James Phillips on Moving from Relational to NoSQL Databases
James Phillips, co-founder of Couchbase, recently gave a presentation on the differences between a distributed document-oriented and relational data models and what the database developers need know to move from a relational to a NoSQL database. InfoQ caught up with James to talk about the data persistence patterns and the advantages and limitations of document-oriented NoSQL databases.
InfoQ: You talked about the "Big Data" and "Big User" problems in the data persistence and data management context. Can you explain how these concepts are different and when we should use one solution over the other?
James Phillips: Big Data: Need to collect and store very large amounts of information, then analyze the information to learn something. Requires high sustained throughput on writes (when collecting information) and reads (when analyzing it). Data locality model should optimize for keeping "related data" in physical proximity to ensure analysis is efficient. Usually will have a small number of simultaneous writers adding data to the database and a small number of simultaneous readers doing analysis.
Big User: Need to service random reads and writes, with a very large number of concurrent readers and writers. Data locality model should optimize for keeping "related data" spread out as much as possible, to spread reads and writes across the maximum number of servers and spindles.
InfoQ: What are the main differences in the areas of data modeling and application development when working on a NoSQL database compared to a Relational database?
James: The relational data model (and therefore the data modeling focus) concentrates on the data normalization process - breaking "records" into many tables with inter-table relationships, reducing duplication of data. This made the most sense in the days when the efficiency of every byte was crucial, since systems were so limited. Storing data in a document-oriented way more naturally matches the world around us. The downside is that in some cases data is duplicated and the query model arguably is made more complex. But "modeling" the data is far simpler, because the real world just isn't always normalized and app developers can be much more productive with less constraints.
InfoQ: You spoke about the document-oriented databases in your presentation. What are some use cases for using a document-oriented database over the relational one?
James: Document-oriented databases excel in use cases requiring data model flexibility (no schema to update when data management requirements change); low-latency random read and write performance with high sustained throughput; and where data and I/O can be easily spread across commodity servers or virtual machines to precisely match infrastructure costs to changing application performance requirements.
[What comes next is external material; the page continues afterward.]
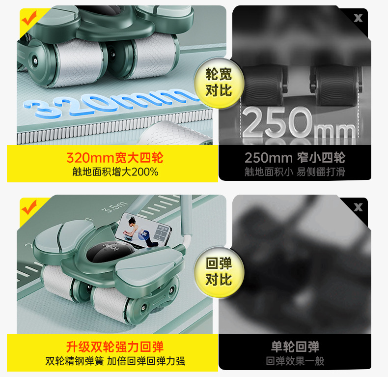 4 륜 복부 휠 2024 새로운 자동 리바운드 복부 휠 홈 피트니스 장비 체중 감량을위한 얇은 배꼽 아티팩트스토어 가기
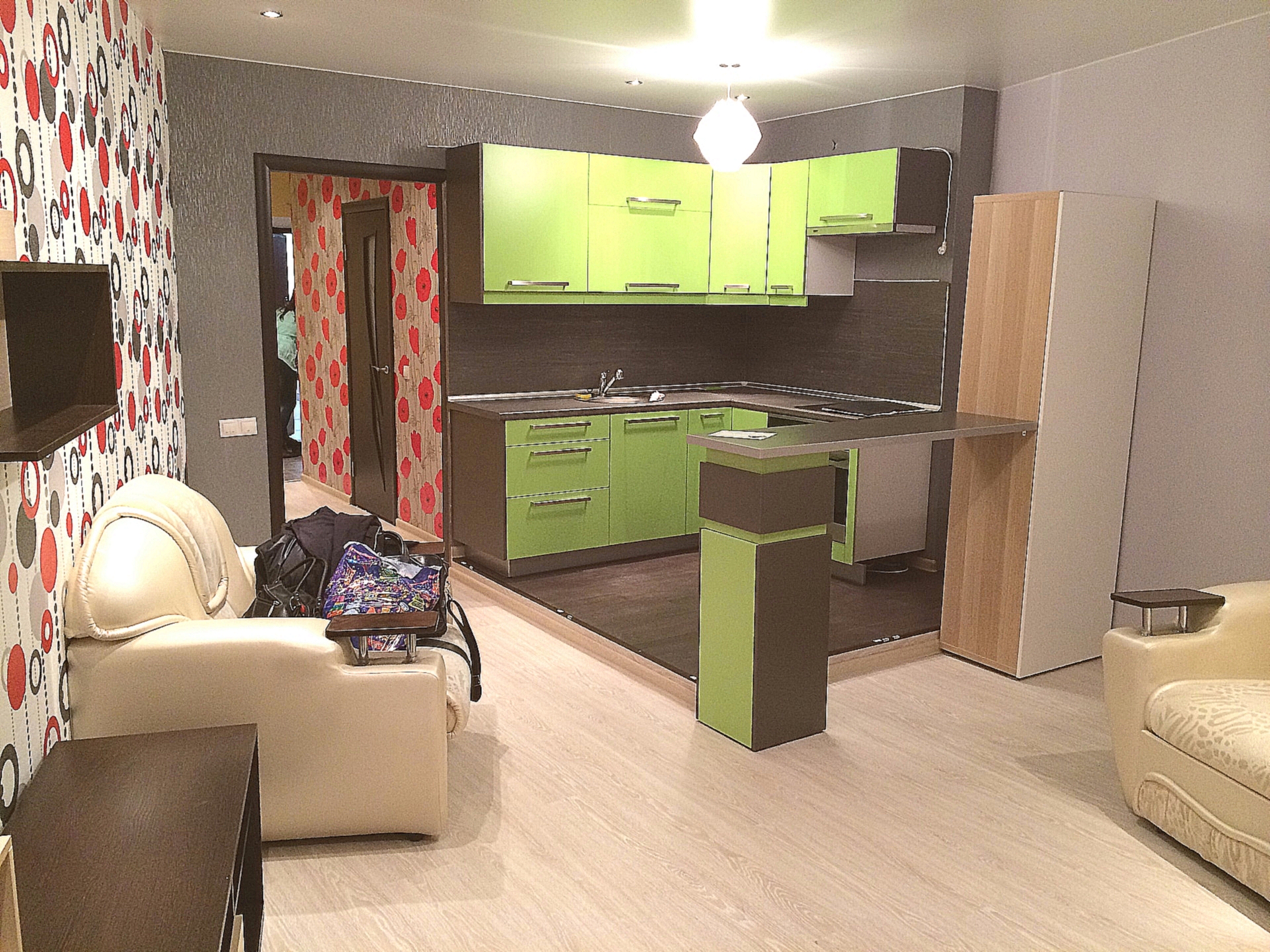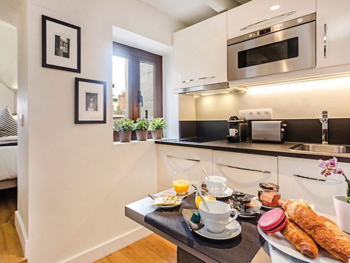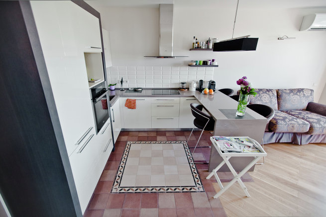 - Secondly, do not overload the apartment with furniture. For the kitchen, use the built-in appliances, install transforming furniture of small dimensions in the living room;

InfoQ: What are the data persistence and data management architecture patterns a Document oriented database supports?
James: Most NoSQL, and document-oriented, databases support a variety of persistence modes: from fully synchronous (e.g. only acknowledge a write has succeeded when it is stored on disk, or some other durable media) to a variety of asynchronous storage strategies (e.g. simply accept a write and indicate it succeeded before actually writing to disk, or indicate success only after ensuring copies of the data have been made).
InfoQ: What are some limitations of document-oriented databases? What should the application architects and developers consider when using such a database?
James: Document-oriented databases, today, do not have built in support for joins and transaction support is usually at the individual document level, possibly with the aforementioned durability flexibility. This leads to data duplication and the need, in some cases, to update the same information in multiple places when it changes. As a result, the application is frequently much more involved with interdependent changes on a document database. In the future, we could see the use of external transaction monitors to close the transaction gap. Likewise, there are approaches at the application level to implement something similar to enable join queries.